The Marine Corps is expanding its mission set to include operating robots in shallow waters, a first for the service that comes as it prepares to operate on islands in the Indo-Pacific.
The Explosive Ordnance Disposal Remotely Operated Vehicle is a box-shaped robot that can navigate in shallow waters, where it will be able to identify and neutralize threats, according to a Marine Corps Systems Command news release issued Thursday.
The robot, also referred to as an ROV for remotely operated vehicle, has high-definition video capability and the ability to provide real-time feedback for explosive ordnance disposal divers, according to the release. It also uses sound navigation and ranging sensors.

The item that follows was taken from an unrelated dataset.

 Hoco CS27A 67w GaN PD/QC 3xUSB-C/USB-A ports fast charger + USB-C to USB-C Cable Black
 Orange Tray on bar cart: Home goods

“This way, you don’t have to risk people and robots, they have a little longer range. And so it’s a natural evolution and a very sensible one,” Mark Cancian, a senior advisor at the Center for Strategic and International Studies, told USNI News.

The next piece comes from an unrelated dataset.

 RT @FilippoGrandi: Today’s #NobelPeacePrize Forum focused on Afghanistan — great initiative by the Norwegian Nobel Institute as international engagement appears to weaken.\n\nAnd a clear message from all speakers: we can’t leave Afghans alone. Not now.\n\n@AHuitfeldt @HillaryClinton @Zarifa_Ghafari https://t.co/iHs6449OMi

The Marine Corps can use the robot for various amphibious missions and it can save Marines from having to do dangerous EOD work or tiring swims, Master Sgt. Patrick Hilty, an EOD project officer, said in the news release.
“This robot gives Marines eyes in the water. It is a capability the Marine Corps has never before had,” Hilty said.

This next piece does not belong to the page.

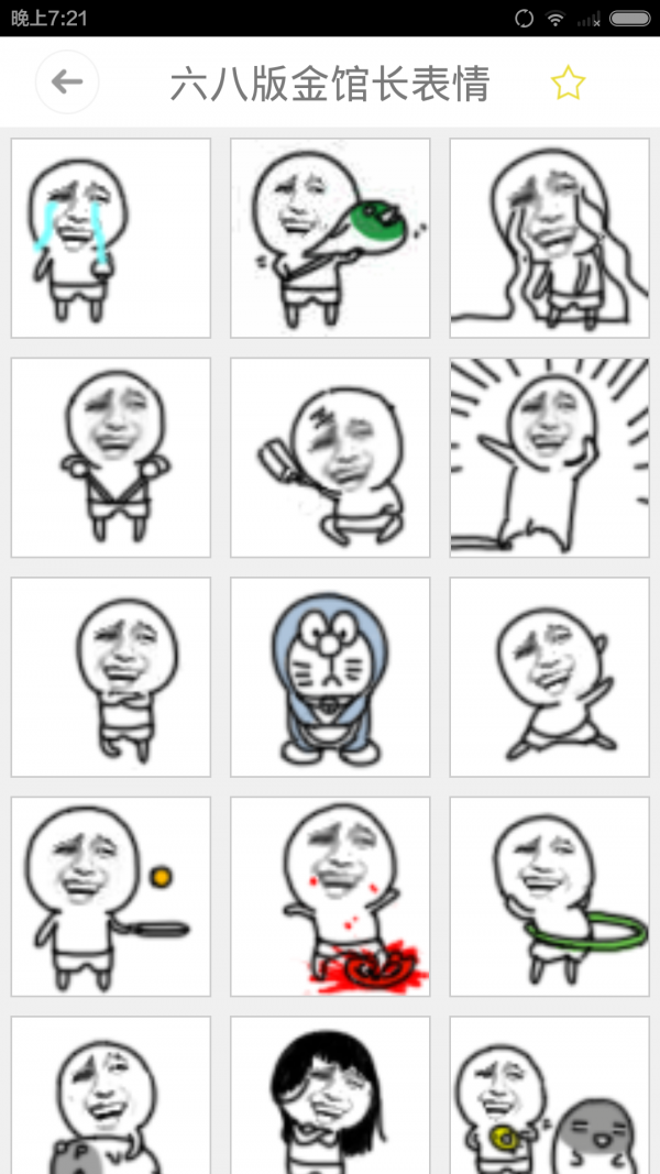 金馆长表情包app指各种聊天过程中用于传递情感心情的小头像图片,而金馆长表情包则是指把某一特定的分类金馆长表情包打包成一个简易的安装包,是您聊天斗图的好帮手。

Robots are not new, Cancian noted. The Marines have been using them for a while to neutralize land-based explosive devices.
Robots can be helpful for dirty, dangerous or dull missions, Cancian added. In this case, they are helpful for the dangerous missions.
This is an evolution for the Marines’ approach to counter mine strategies, according to Cancian. Naval mines in shallow waters continue to be an issue. Now, Marines can stay on the ship while addressing potential threats.
The ROV has a tether feature, which allows the explosive ordnance technicians to keep away from the devices, according Marine Corps Systems Command. Before, Marines would need to swim toward the explosive hazards to identify and neutralize them.
While the ROV will be used to identify and neutralize threats in support of global littoral operations, it could eventually be adapted for more uses, Cancian said.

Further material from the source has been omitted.